News

Kakanwil Kemenag Aceh tak persoalkan SE Menag terkait pengeras suara di masjid

Kepala Kantor Wilayah Kementerian Agama (Kakanwil Kemenag) Provinsi Aceh, Iqbal tak mempersoalkan terkait Surat Edaran Menteri Agama (Menag) No SE 05 tahun 2022 tentang Pedoman Penggunaan Pengeras Suara di Masjid dan Musala.
Dicopot dari Kakanwil Kemenag Aceh, begini respons Iqbal
Kakanwil Kemenag Aceh, Iqbal. FOTO : Kemanag.go.id

POPULARITAS.COM – Kepala Kantor Wilayah Kementerian Agama (Kakanwil Kemenag) Provinsi Aceh, Iqbal tak mempersoalkan terkait Surat Edaran Menteri Agama (Menag) No SE 05 tahun 2022 tentang Pedoman Penggunaan Pengeras Suara di Masjid dan Musala.

“Sebenarnya tidak ada persoalan dengan SE tersebut, tidak ada larangan penggunaan pengeras suara, yang ada hanya pengaturan agar tertib dalam penggunaannya,” ujar Iqbal dalam keterangannya, Sabtu (26/2/2022).

Menurut Iqbal, hadirnya pemerintah dan adanya pengaturan di bidang agama tentunya untuk memberi kemaslahatan, kenyamanan dan perlindungan terhadap rakyatnya, termasuk dalam beragama diatur dalam Undang-Undang.

Iqbal bahkan mengklaim bahwa tidak benar Menteri Agama membandingkan toa masjid dengan gonggongan anjing seperti yang diberitakan di sejumlah media.
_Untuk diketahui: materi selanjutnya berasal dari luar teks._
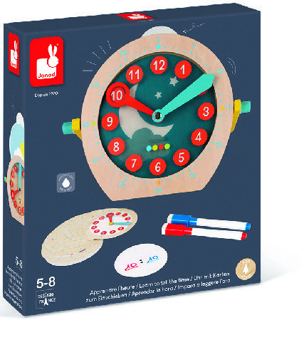 Ce jouet dâéveil en bois est idéal pour apprendre lâheure tout en sâamusant ! Comprend : des cartes modèles à reproduire, une carte vierge, deux feutres effaçables et 6 fiches à insérer dans lâhorloge.

“Coba sama-sama kita dengar dan simak kembali yang disampaikan Gus Menteri, hanya membuat tamsilan saja. Tidak membandingkan suara azan dengan suara anjing. Ia hanya memberikan contoh tentang cara menjaga suasana kekeluargaan dan keharmonisan masyarakat,” katanya.

Menurut Iqbal, bisa dibayangkan kalau penggunaan pengeras suara digunakan bukan pada tempatnya apalagi digunakan oleh orang yang tidak tepat pula pasti memunculkan persoalan baru. yang akan mengganggu kenyamanan dan persaudaraan.

Iqbal berharap kepada semua pihak untuk tidak salah memahami apalagi terprovokasi dengan berita-berita yang sebenarnya belum tentu benar.

“Saat itu Menag menjelaskan soal aturan azan, kita sudah terbitkan surat edaran pengaturan. Kita tidak melarang masjid-musala menggunakan toa, tidak. Silakan. Karena kita tahu itu bagian dari syiar agama Islam. Tetapi ini harus diatur, tentu saja. Diatur bagaimana volume speaker, toanya tidak boleh kencang-kencang, 100 dB maksimal. Diatur kapan mereka bisa mulai menggunakan speaker itu, sebelum azan dan setelah azan, bagaimana menggunakan speaker di dalam dan seterusnya. Tidak ada pelarangan,” jelasnya.

Dikatakannya, aturan ini dibuat untuk tetap menjaga kemaslahatan dan penuh pertimbangan. Iqbal menyebut ini semua untuk kepentingan kita bersama dan tanpa berlebihan.

“Kita juga tau, saat ini begitu banyak masjid dan musala yang dibangun berdekatan, kalau semua suara di waktu bersamaan muncul, dimungkinkan tidak fokus terhadap yang disampaikan. Cuma mengenai pengaturan waktu yang diatur dalam SE tersebut supaya tidak ada pihak yang merasa dirugikan,” katanya.

Iqbal menjelaskan adanya Surat Edaran tersebut supaya umat di Indonesia ini menjaga ukhwah sesama, bersikap toleransi, membangun harmonisasi dan kerukunan antar umat terawat dengan baik.

Karenanya, Iqbal mengajak masyarakat untuk berpikir positif dan tabayyun terhadap informasi yang diterima, sehingga tidak memunculkan stigma yang tidak jelas dan belum tentu valid kebenarannya.

Ia mengatakan, pengaturan pengeras volume suara di masjid dan musala dan tempat beribadah lain sesungguhnya bukan hal yang baru.

Sebelumnya telah diatur oleh Kementerian Agama sejak masa orde baru yang diatur dalam Instruksi Direktur Jenderal Bimbingan Masyarakat Islam Nomor Kep/D/101/1978 tentang Penggunaan Pengeras Suara di Masjid, Langgar, dan Musala.